I wouldn't go so far as to say I look down on the silly wanna bees. But like I said, I saw where this thread was going.


----------



## treemandan (Aug 6, 2009)

mckeetree said:


> I wouldn't go so far as to say I look down on the silly wanna bees. But like I said, I saw where this thread was going.



Yes you do, or you wouldn't have said " silly wanna bees". So where is this thread going? My guess its back to the beggining where some silly wannabe made a 265 dollar tree injector way back when.


----------



## mckeetree (Aug 6, 2009)

treemandan said:


> Yes you do, or you wouldn't have said " silly wanna bees". So where is this thread going? My guess its back to the beggining where some silly wannabe made a 265 dollar tree injector way back when.

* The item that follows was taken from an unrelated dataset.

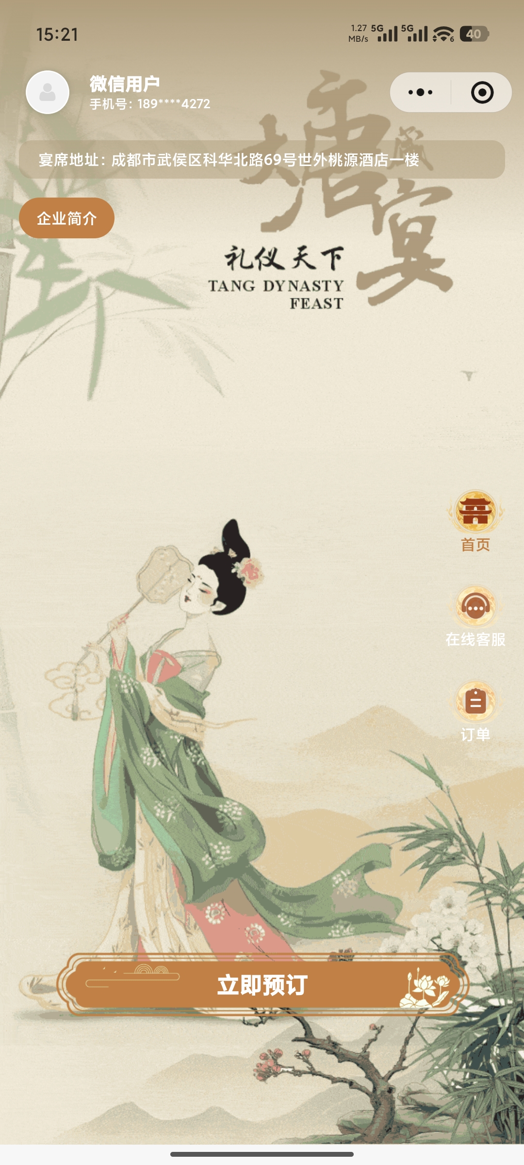 酒店在线订座、到场核销、定金支付、包间预定、订单核销、妆造摄影预约等功能。

No, Dan, that was just a reply to frashdog's post. I don't look down on anybody.


----------



## treemandan (Aug 6, 2009)

mckeetree said:


> No, Dan, that was just a reply to frashdog's post. I don't look down on anybody.



Ok, but where was the thread headed?... since I have no idea. I don't. Seemed an odd thing to say.


----------



## chainsawhugger (Apr 21, 2015)

frashdog said:


> I made one for about $40. Don't have any pictures.
> 
> The end of my 5' X 1/2" I.D. npt threaded steel pipe (lowes)was cut at an angle like hypodermic needle and then I drilled many 1/4" side holes around 6" from the end. It worked like a charm. Simple 90 degree fitting mated to a ball valve to a hose female formed the handle.
> 
> ...


You are both ABSOLUTELY RIGHT, notice how the "experts" offer only condescention and no specific answers? My family have been orchardists in Wa. state since 1906, in Germany generations before. So here is how it is. You can damn sure build your own injector exactly as you described, we have been doing it successfully for over 100 years. First you need to look at annual terminal growth to determine existing nitrogen conditions. A soil testing lab IS best, but NOT absolutely needed. Do you have zinc deficiency? You need to read some hort books to get a good grasp, if you haven't already. WSU has excellent information, as does The Good Fruit Grower. Foliar application of UREA/water ratios are 3-5 lbs per 100 gallons. Don't be tempted to mix it hotter, nitrogen burn looks like a dog has been peeing on a bush. This ratio works well for soil injection. Now here is the most important consideration. You MUST calibrate the flow to avoid burn. Take a bucket and a stop watch and measure output. Then factor desired output, and play with time and pressures. Again DO NOT over apply, and NEVER apply late in the year or you will over stimulate, the tree wont shut down for the winter, and SERIOUS winter damage WILL occur. The good old boy school of technology wins every time, if you are a good student. There would be no NASCAR, no Wright Brothers, no Don Garlits, if they listened to the nay sayers.


----------



## BC WetCoast (Apr 21, 2015)

Talking lots of trash considering you're replying to a 6 year old thread.


----------